RECORDS SUPPLIED Start Marker

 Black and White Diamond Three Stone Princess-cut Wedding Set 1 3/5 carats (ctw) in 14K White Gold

RECORDS SUPPLIED End Marker
RECORDS SUPPLIED Start Marker

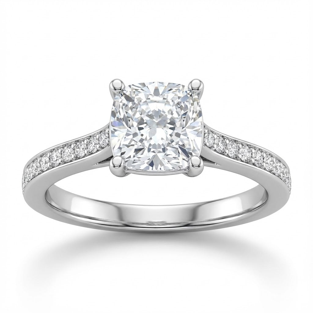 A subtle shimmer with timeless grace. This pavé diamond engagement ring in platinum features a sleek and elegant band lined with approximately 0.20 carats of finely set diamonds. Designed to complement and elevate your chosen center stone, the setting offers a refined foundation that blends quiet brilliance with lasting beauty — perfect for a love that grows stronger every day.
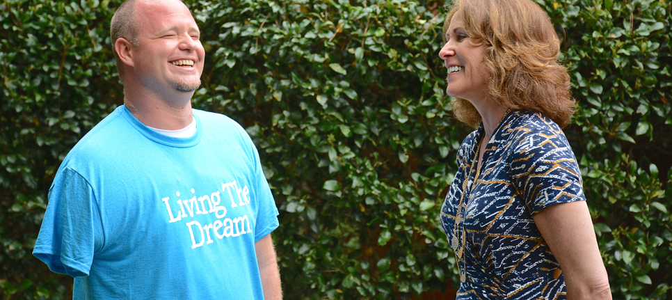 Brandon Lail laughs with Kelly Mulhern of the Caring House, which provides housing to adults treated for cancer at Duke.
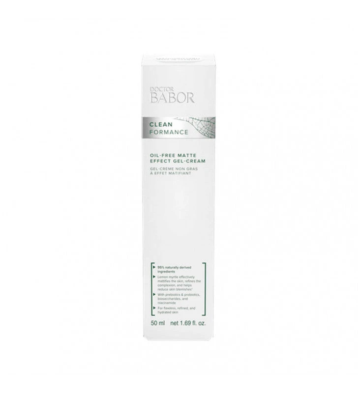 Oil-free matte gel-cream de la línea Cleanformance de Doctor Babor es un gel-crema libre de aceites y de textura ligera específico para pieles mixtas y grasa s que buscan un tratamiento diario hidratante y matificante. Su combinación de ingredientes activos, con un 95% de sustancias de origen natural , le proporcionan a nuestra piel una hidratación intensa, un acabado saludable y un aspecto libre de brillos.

RECORDS SUPPLIED End Marker
RECORDS SUPPLIED Start Marker

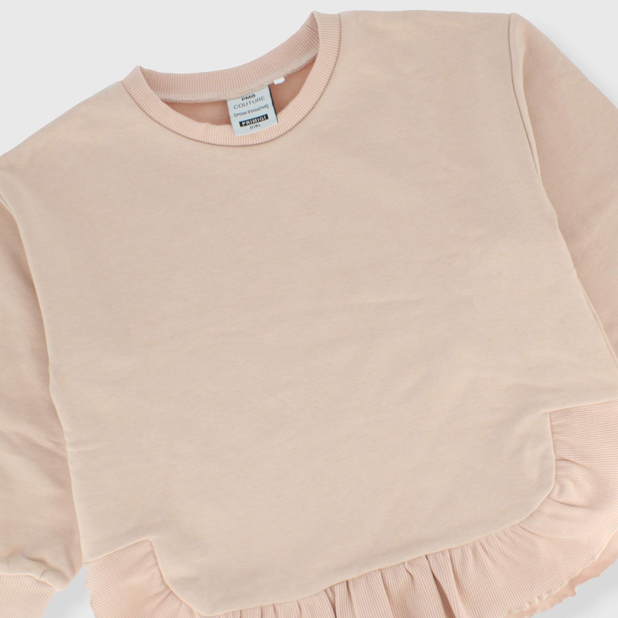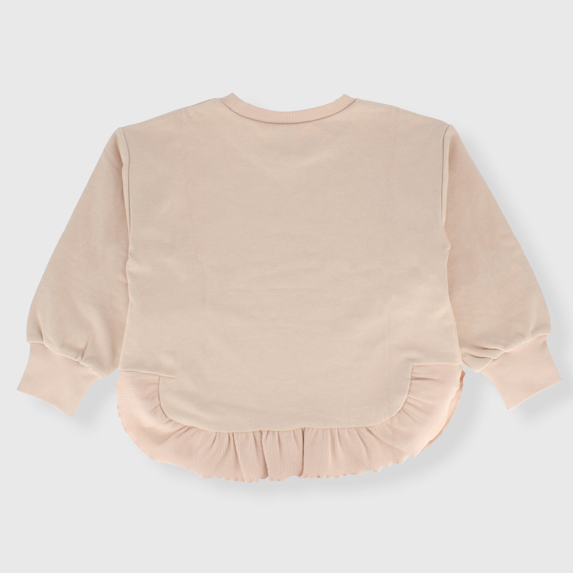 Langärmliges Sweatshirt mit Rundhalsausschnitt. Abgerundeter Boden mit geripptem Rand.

RECORDS SUPPLIED End Marker

[EXERCISE]: Although pictures appear among the entries, please set down only the lines from the one with "A subtle shimmer" up to and including the one with "Oil-free matte gel-cream", word for word.

[SOLUTION]:
 A subtle shimmer with timeless grace. This pavé diamond engagement ring in platinum features a sleek and elegant band lined with approximately 0.20 carats of finely set diamonds. Designed to complement and elevate your chosen center stone, the setting offers a refined foundation that blends quiet brilliance with lasting beauty — perfect for a love that grows stronger every day.
 Brandon Lail laughs with Kelly Mulhern of the Caring House, which provides housing to adults treated for cancer at Duke.
 Oil-free matte gel-cream de la línea Cleanformance de Doctor Babor es un gel-crema libre de aceites y de textura ligera específico para pieles mixtas y grasa s que buscan un tratamiento diario hidratante y matificante. Su combinación de ingredientes activos, con un 95% de sustancias de origen natural , le proporcionan a nuestra piel una hidratación intensa, un acabado saludable y un aspecto libre de brillos.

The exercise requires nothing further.